迅速翻新后的社区,试图尽快回到经济高速发展的轨道之上,将过去的不美好置之脑后。国内有媒体采访了受爆炸影响的小区居民、死难的编外消防队员家属、爆炸事故罪魁祸首瑞海公司的员工,试图通过描绘他们的生活,再现出爆炸发生后这些普通人的生活在如何发展。很不幸的是,这篇文章在大陆网络上被定点删除,不留一点信息。
在官方指定的互联网记忆里,只有欣欣向荣口径的官方话语,宣传一切事情都在有条不紊地进展,居民情绪稳定。
这宗爆炸事件,看起来好像和所有其他的事件一样,会在浮躁的社会里,被耐心的维稳技术碾碎,不留下任何痕迹。半年前的2月5日,国务院调查组发布了《天津港“8·12”瑞海公司危险品仓库特别重大火灾爆炸事故调查报告》,这份中规中矩的报告没有带动舆论跟进。爆炸事件发生后被持续关注的,是那批被爆炸影响到的豪车。一直有声音持续追踪这批受损的豪车究竟去了哪里,是否会蒙混过关流入普通市场。
对比看来,好像大众对毫无诚意的官方话语已经丧失了兴趣,更执着聚焦于于个人利益是否受损。
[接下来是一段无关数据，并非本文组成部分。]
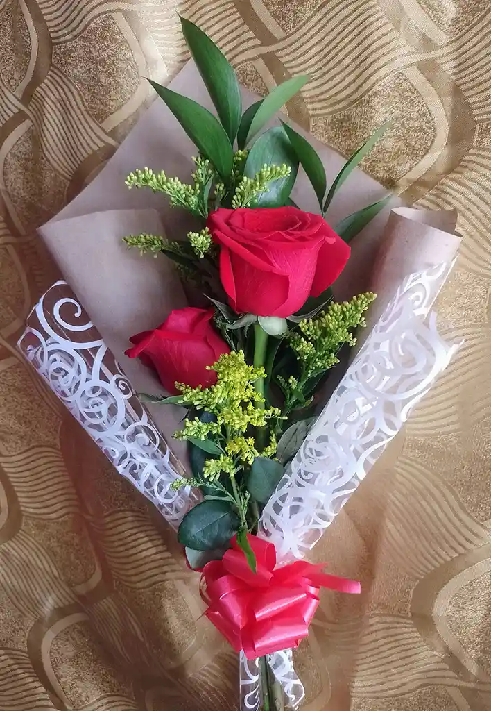 Hermoso bouquet de 2 delicadas rosas rojas 🌹 acompañado con su follaje de solidaster y rusco con envoltura 💖 Tu mejor opción para tu mejor regalo. 😉💕
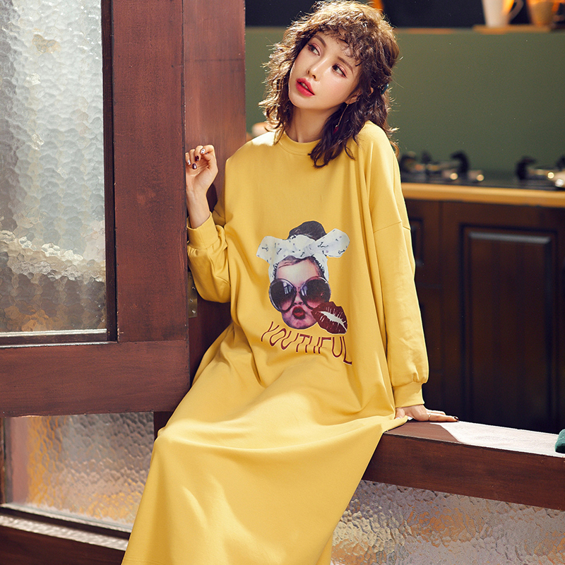 Antarctic People Spring Autumn Season Pure Cotton Pyjamas Woman Cute Cartoon Teenage Girl Long Version Sleeping Dress Han Version Loose size Sizes Home Clothes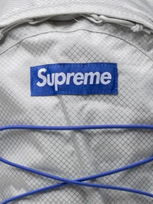 Supreme logo-patch backpack Supreme pairs relaxed style and practicality with this backpack. Boasting a 23 litre volume and adjustable drawstring to the front, it is detailed with the iconic box logo for a branding-focused finish. Made in United States Composition Outer: Nylon 100% Product IDs FARFETCH ID: 18166672 Brand style ID: SU11533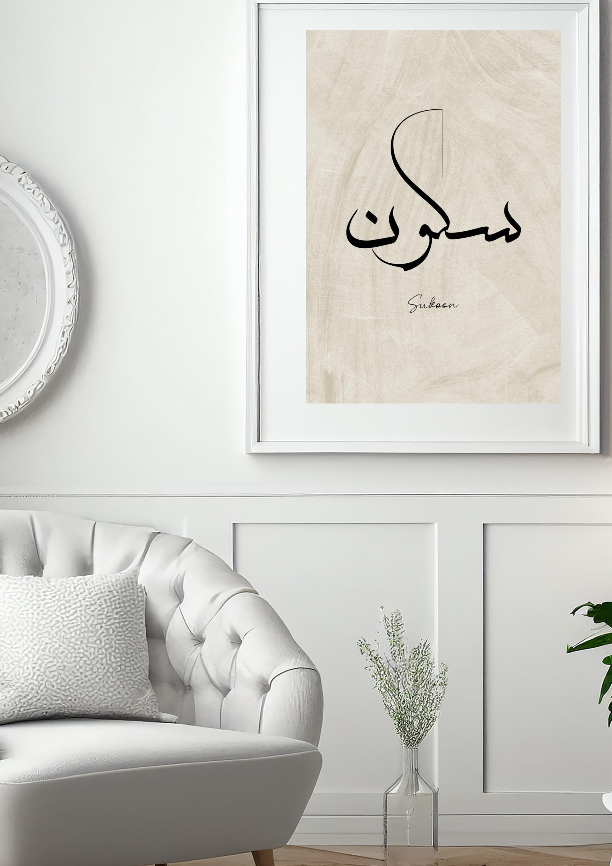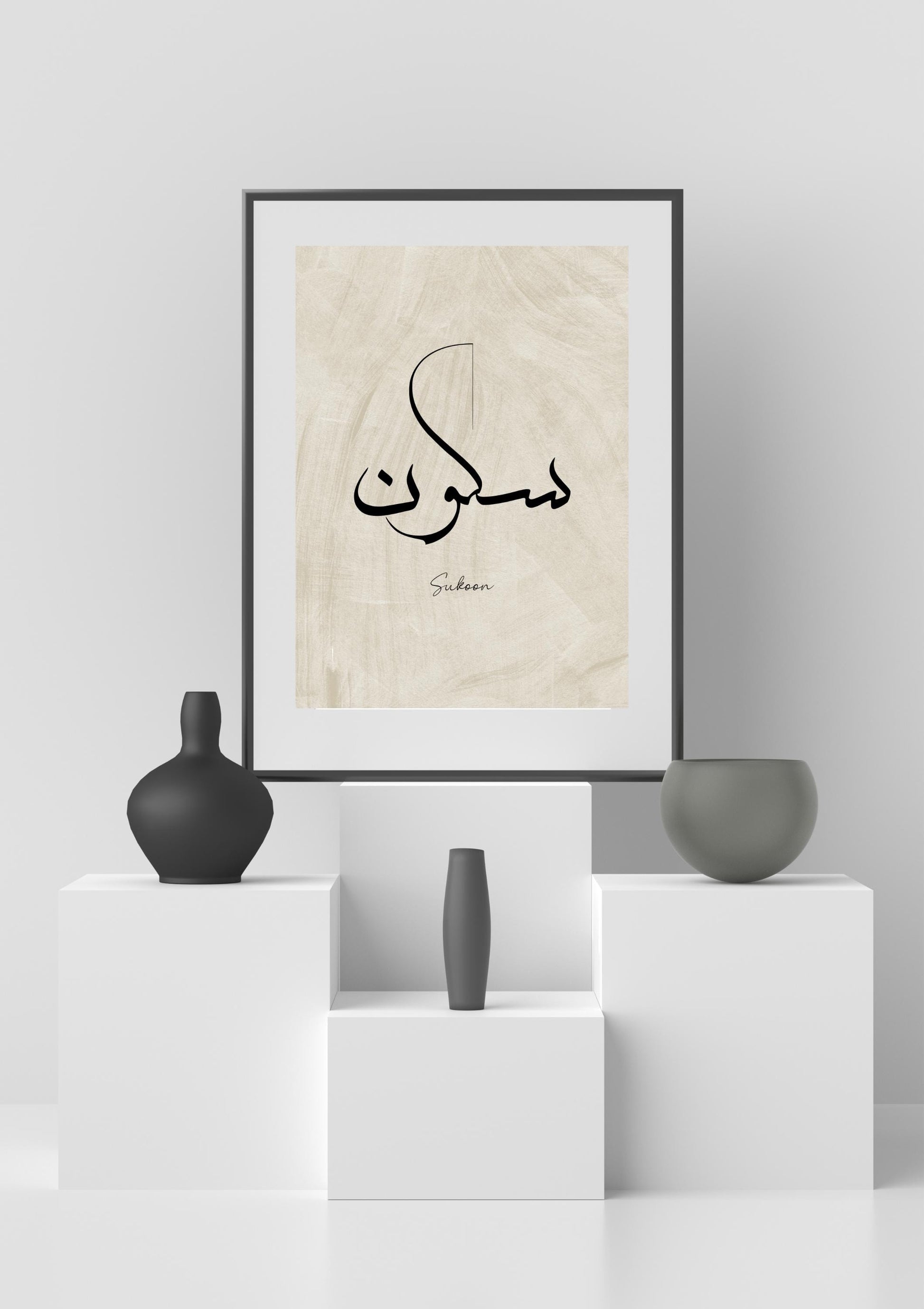 Bring tranquility into your home with this elegant "Sukoon" (Peace) Arabic calligraphy print. Designed in a minimalist style with soft neutral tones, it’s perfect for creating a serene, calming space. Whether you're decorating a prayer nook, living room, or office, this digital artwork adds a beautiful spiritual touch.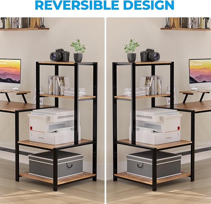 About This LARGE COMPUTER DESK WITH PRINTER SPACE: The office desk features 4 layers open-sided shelves. The middle shelf provides...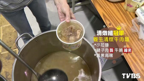 小拉面,過水汆燙20秒馬上撈起,再放進,帶筋脆彈腱子肉,和口感綿密的牛腩,最后琳上蘋果、西芹、白蘿卜、洋蔥,熬煮的蔬果高湯清燉組第一名,主打清爽口感。臺北牛肉面節清燉組冠軍業者高呼:“冠軍牛肉面在這。”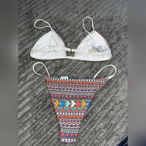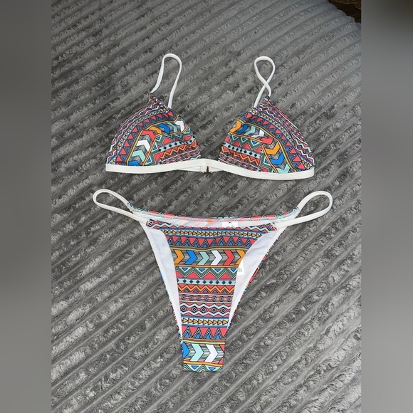 Vibrant bikini set with geometric patterns. Features a mix of colors including blue, orange, and pink.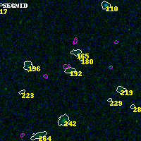Black segments are analyzed here. Roll mouse over color images to view segments. Best viewed in a wide browser window (1200 pixels or more). Download SED & P(z) plots to view larger versions.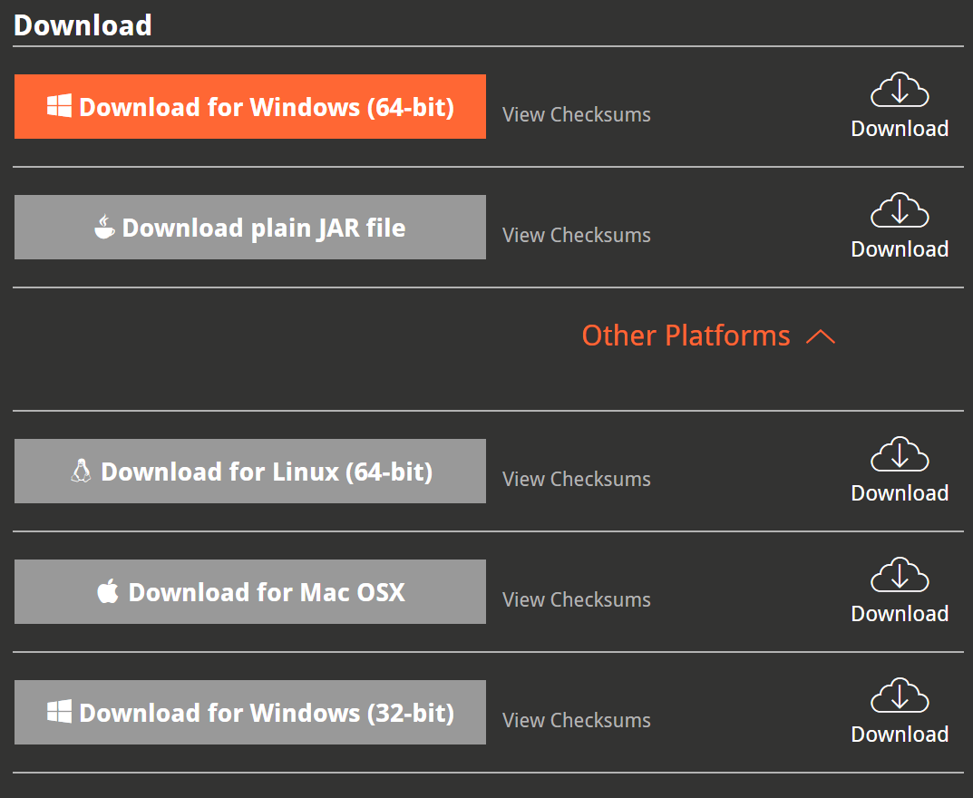 After deciding on the edition you need, you have two installation options, including an executable or a plain JAR file. The executable is only available in Windows and is offered in both 32-bit or 64-bit. The plain JAR file is available for Windows, macOS, and Linux.

在精妙的维稳和舆论控制下,要从微观层面找出准确的客观证据来,判断大众的舆论兴趣点究竟在哪里,相当困难。我们唯有回溯中国从 90 年代到今天的社会经济历程,将天津爆炸这一滴水放进历史之中,慢慢地推敲。
2008 之后:中国中产的抗争与社会建设
长期以来,中国政府通过拉动高速经济发展,保持社会稳定。让大多数人不主动参与政治,为政府奠定合法性基础。
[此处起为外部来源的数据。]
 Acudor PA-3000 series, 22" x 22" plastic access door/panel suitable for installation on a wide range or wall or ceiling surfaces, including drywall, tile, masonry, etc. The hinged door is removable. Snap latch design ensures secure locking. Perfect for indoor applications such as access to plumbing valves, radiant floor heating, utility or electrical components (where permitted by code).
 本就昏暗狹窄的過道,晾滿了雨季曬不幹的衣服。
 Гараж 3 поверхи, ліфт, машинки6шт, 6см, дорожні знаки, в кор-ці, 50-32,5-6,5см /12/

从国内经济发展的曲线来看,1997 年到 2008 年是制造业产能被释放后的经济上升阶段,也相对伴随了政权合法性最为稳固的时段。2008 年之后,本应开始进入下滑趋势的中国经济,阴差阳错地赶上了互联网金融的大潮。互联网金融的诸多创新,填补了传统经济模式落后的局面。在此基础上,中国经济又被拉入了一个新的高速增长时期,并创造出更多的财富神话。这个神话延续到 2015 年。伴随着诸多创业公司的死亡和 P2P 的倒闭狂潮,越来越多人开始关注经济“新常态”的到来。总而言之,好日子总有一天是会到头的。
传统经济模式达到顶峰的2008年,也是中国人整体自信指数最高涨的一年。大量国人不仅个人财富增加,还赶上人民币的持续上涨,有了更强的海外购买力,加之奥运会要在中国举办,赶上了空前盛世的激动溢于言表。
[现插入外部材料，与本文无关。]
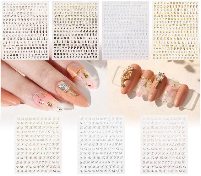 Chisafly ネイルシール アルファベット イニシャル 小さい ゴールド ブロック体 筆記体 2タイプ 7枚セット スクリプト体 シルバー キラキ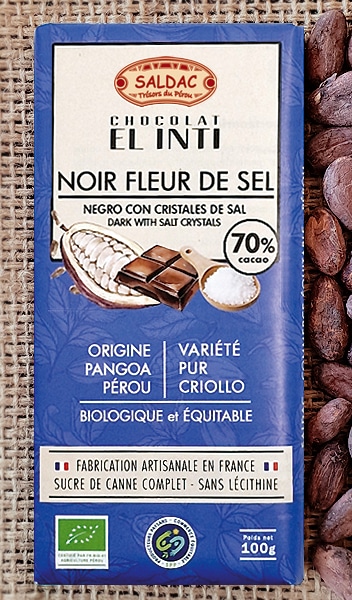 Chocolat noir 70 % de cacao, 1 % de fleur de sel de Guérande, sucre de canne complet du Pérou, biologique. Contraste surprenant entre la fleur de sel et le chocolat noir. Intense et aromatique.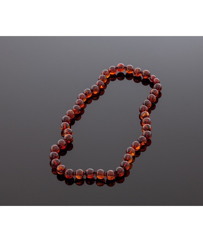 Luxury amber necklace is made of round shape amber beads. Cognac amber beads are made from natural high quality Baltic amber. Carefully polished and softly round Baltic amber beads lay comfortably against the skin. This allows maximum skin contact and gives added comfort to you. These wonderful cognac amber beads containing solar energy and the sunrise light manifest the valuable and important properties of this organic mineral.The exclusive design is suitable for different styles. There is a knot between each amber bead.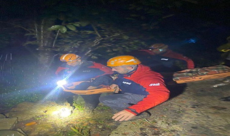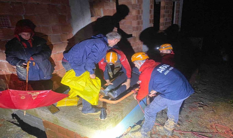 Rize’de heyelan riski nedeniyle 5 kişilik ailenin yaşadığı ev ekipler tarafından tahliye edilirken, evdeki yaşlı hasta sedye ile taşındı.
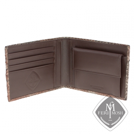 FERI MOSH- Brown genuine python leather small fold wallet - Made from real python skin and nappa leather - Single fold wallet with space for 4 cards - Change pouch with metal button closure - 4 small slits for receipt storage - 2 top slits for cash and cheques -...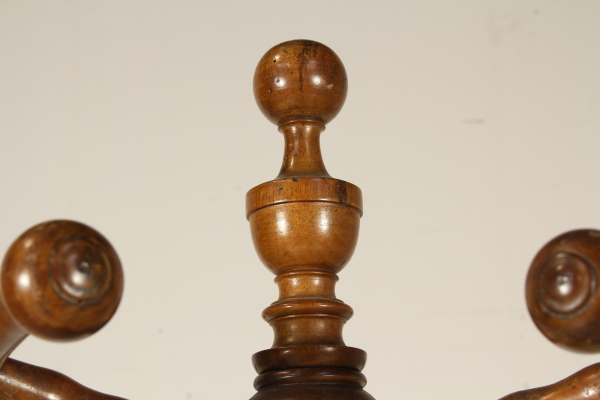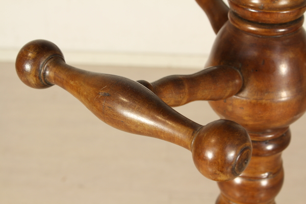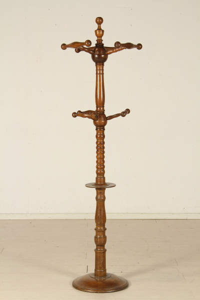 Suspensión en nogal. El apoyo de torneado vertical apoyada en base redonda. Colgador de vuelta.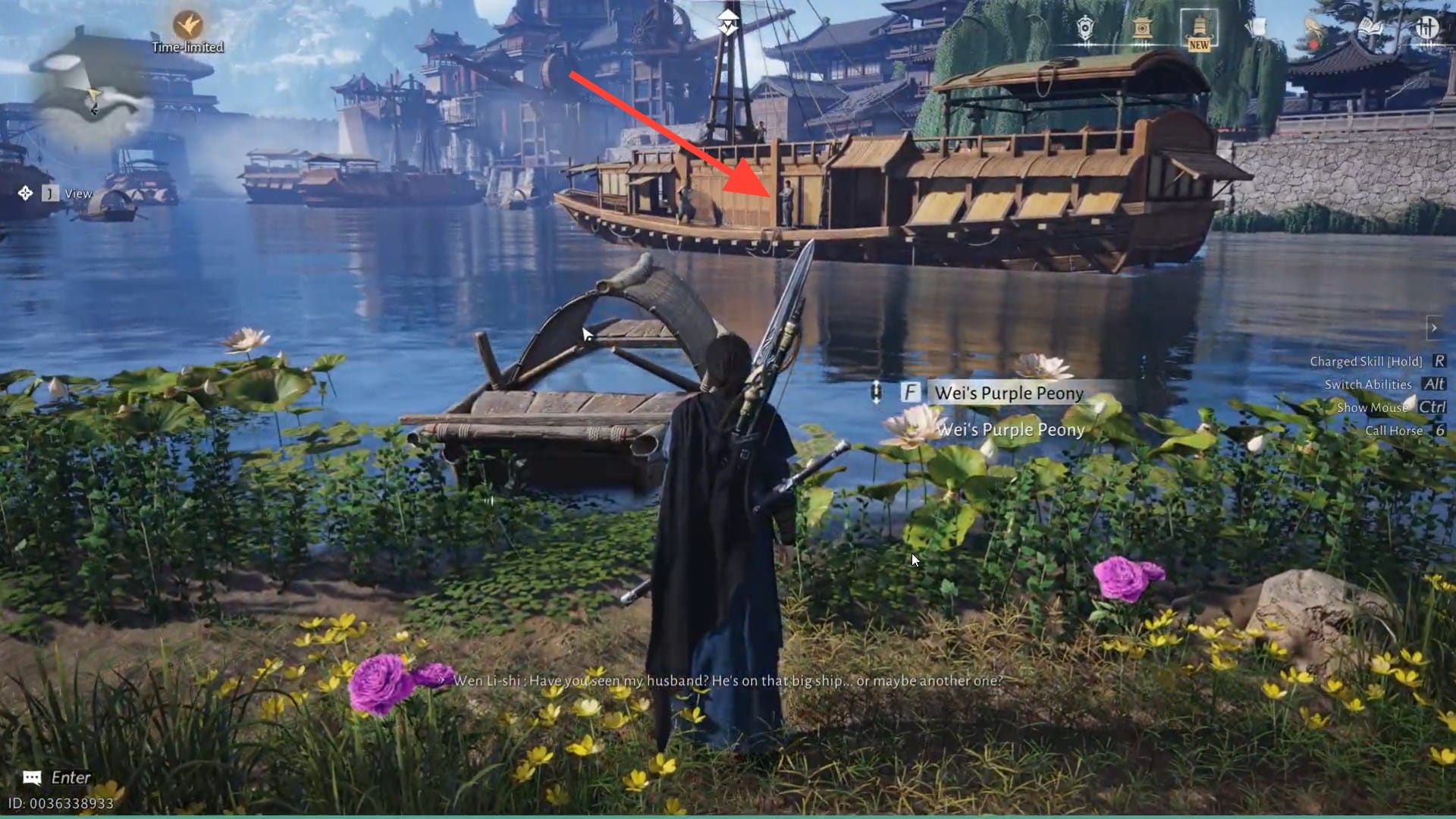 Speak to Wen Li-shi, who asks you to help find her husband, Wen Jie, a rower who worked on large boats.

同样是2008年,汶川地震爆发,将落后的中国社会结构打回了原型。贪污腐败的体制衍生出来的豆腐渣工程,无法保障人民生命安全。原始落后的社会动员体制,不能及时有效地参与到灾害救援之中。灾民在混乱里充满了愤怒。
汶川地震集中展示出来的混乱,为中国的民间社会带来了两个方向:一方面看到了更多政治体制的弊端和弱点,而极力要去改变;另一方面,以一大批参与救灾的志愿者为起点,许多接受了高等教育的青年人和商界人士,看到了社会发育的不足,转身开始从事助学、环保、公平贸易、社会创新等领域,全身心投入社会建设之中。
前者以《零八宪章》为标志,在这个历史关头,准备撬动更剧烈的变革。而后者的努力,被许多国内学者共同称为“公民社会元年”。而二者的命运,也很快就见了分晓。前者遭遇全面的政治打压,后者则一路发展得欣欣向荣。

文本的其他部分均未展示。